As I said above, there seems to be no rhyme or reason as to why some tropes belong to "horror" and some don't. To repeat three of my earlier examples, some persons might not feel that Victor Hugo's HUNCHBACK OF NOTRE DAME qualifies as horror, or anything else remotely belonging to "fantasy."  But almost everyone would agree that THE PHANTOM OF THE OPERA is horror and MASK is not, even though all three deal with physically deformed characters.

Roy Bhaskar argues for his view of science against two other prominent views.  According to him, the main way that empirical science judges the nature of the world is in terms of "regularity determinism;" i.e., phenomena can be judged by their regular, repeatable nature.  According to him, Kant and the neo-Kantians judged the nature of the world in terms of "intelligibility determinism," which is to say phenomena can be judged by their accessibility to human understanding.


I see the paradigm of empirical science differently from Bhaskar.

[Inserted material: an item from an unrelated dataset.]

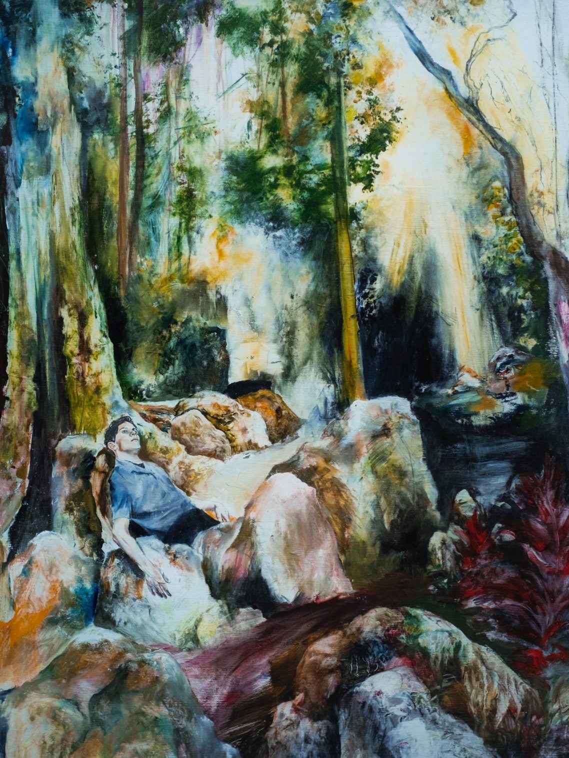 Dans une atmosphère poétique, où le surnaturel effleure une peinture réaliste, les figures se fondent et se dissipent dans une alternance de clarté et d’obscurité. Les personnages,solitaires, incarnent des instants suspendus, là où lesouffle de la nature se mêle à celui de l’intériorité.

I agree that when humans begin to look at physical phenomena in terms of their regularity, and then find empirical reasons for the regularity in terms, of, say, the movements of heavenly bodies, this gives rise to a concentration on regularity.  But at the same time, this generates its own form of "intelligibility determinism," because the budding young empiricists believe that the world is fully intelligible-- that is, things need not be explained by supernatural forces-- because humans can understand the world's regularity aspects.

Now, my arguments from all this goes like this:

Whenever authors create a fictional world, they draw on the idea that the empiricist idea that the world is both regular and intelligible.  


If they create a naturalistic world, then it's like the world of MASK: nothing in that world violates the regular functions of the cosmos, and all things are basically intelligible as well.


If they create a marvelous world, even if it just has one marvelous item in it, like a deformed killer who rises from the dead (paging JASON VOORHEES), then it is a world that is no longer regular in the empiricist sense, and so also cannot be intelligible to empiricist reason.


But some worlds are "uncanny" in that even though there is nothing in them that violates the laws of a regular cosmos-- like PHANTOM OF THE OPERA and EYES OF A STRANGER, for two-- there remains something "unintelligible" about them.  Even the killer of EYES OF A STRANGER, who is in no way as bizarre in his appearance as the Phantom, conjures up a similar emotion of "dread" and so is not easily reducible to natural forces, which should conjure primarily "fear."


Hmm, I started this post, like the last one, with the idea of avoiding "proposition-based language," but I gave up halfway through.  Oh well.